* _Task details_
Restate the listing below word for word, omitting any images.

Given information section start

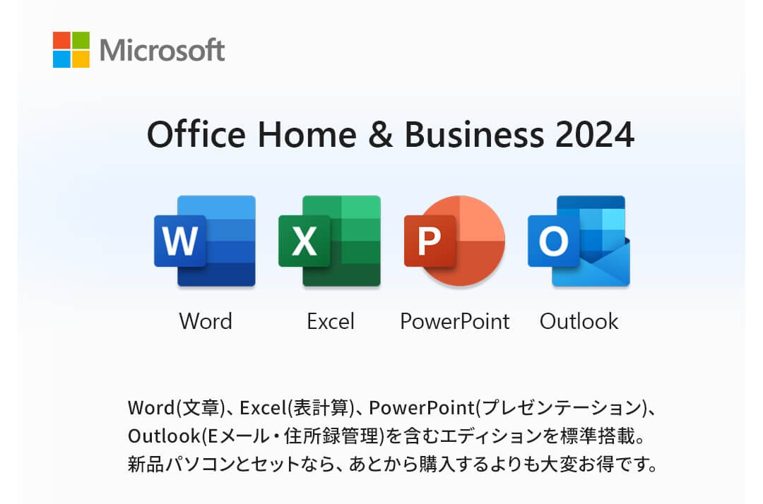 Office Home and Business 2024 バンドル版を、BTOパソコンとセットでお得にご購入できます。Word、Excel、Outlook、PowerPointが含まれており、ビジネスはもちろん、日常の文書作成や情報管理にも幅広く活用可能でき、使い方やライフスタイルに合わせた最適な環境を構築できます。
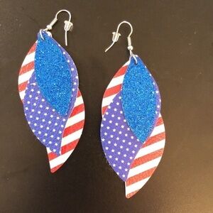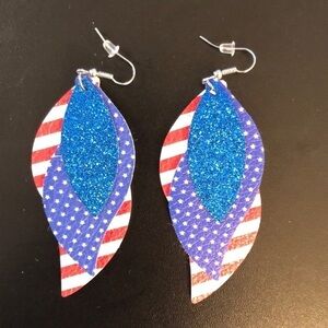LIGHTWEIGHT Dangle Faux Leather 3 Layer Patriotic Teardrop Earrings
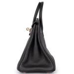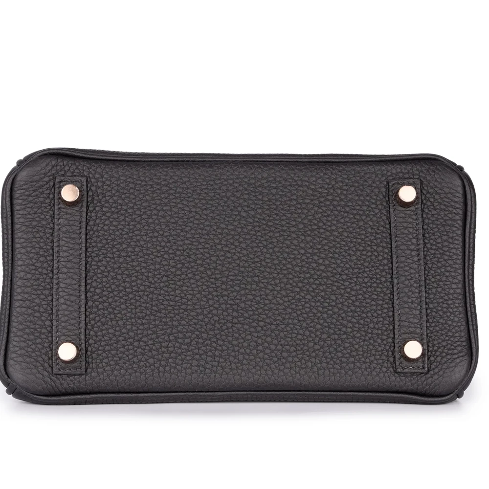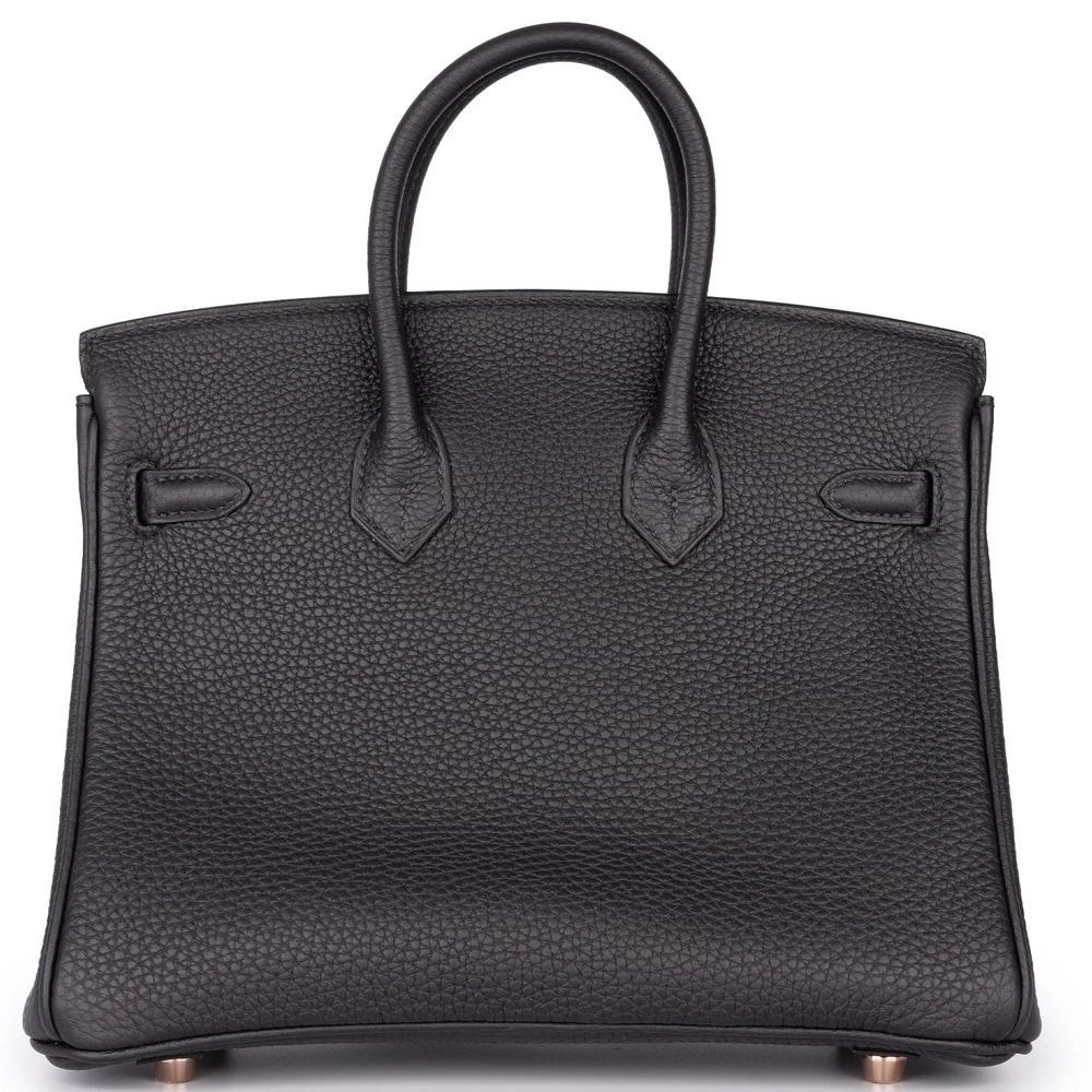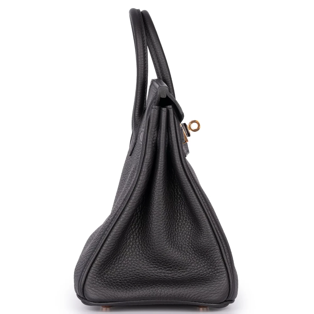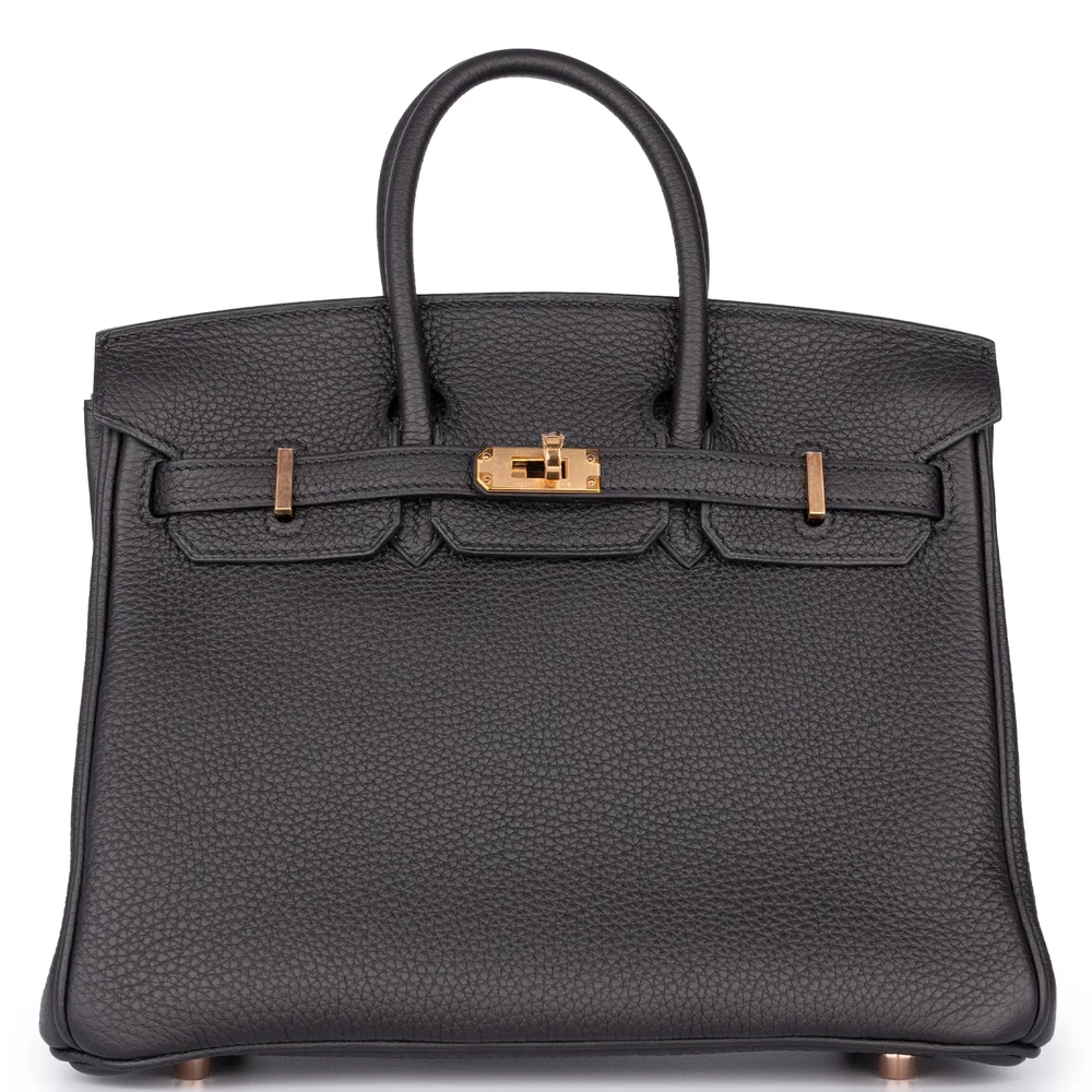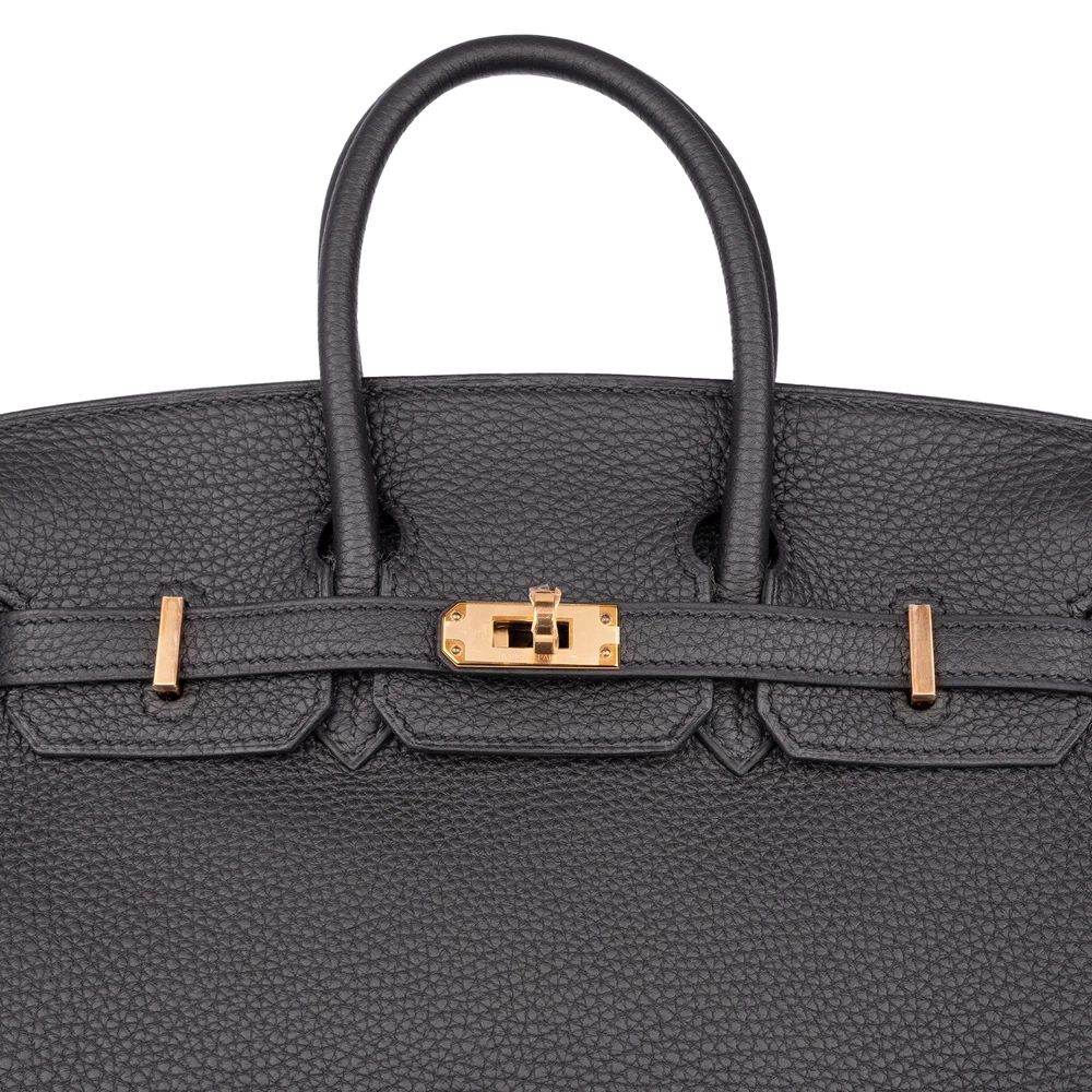 This Hermès Birkin 25 combines Noir (black) Togo leather with rough gold hardware for edgy contrast. The 25cm slouchy design holds essentials like tablets and wallets. Togo leather resists wear and stays soft. Pair with leather jackets or metallics for rebellious flair. Built for nights out, travel, or bold errands. Sleek rebellion.

Given information section end

* _Answer to this problem_
 Office Home and Business 2024 バンドル版を、BTOパソコンとセットでお得にご購入できます。Word、Excel、Outlook、PowerPointが含まれており、ビジネスはもちろん、日常の文書作成や情報管理にも幅広く活用可能でき、使い方やライフスタイルに合わせた最適な環境を構築できます。
LIGHTWEIGHT Dangle Faux Leather 3 Layer Patriotic Teardrop Earrings
 This Hermès Birkin 25 combines Noir (black) Togo leather with rough gold hardware for edgy contrast. The 25cm slouchy design holds essentials like tablets and wallets. Togo leather resists wear and stays soft. Pair with leather jackets or metallics for rebellious flair. Built for nights out, travel, or bold errands. Sleek rebellion.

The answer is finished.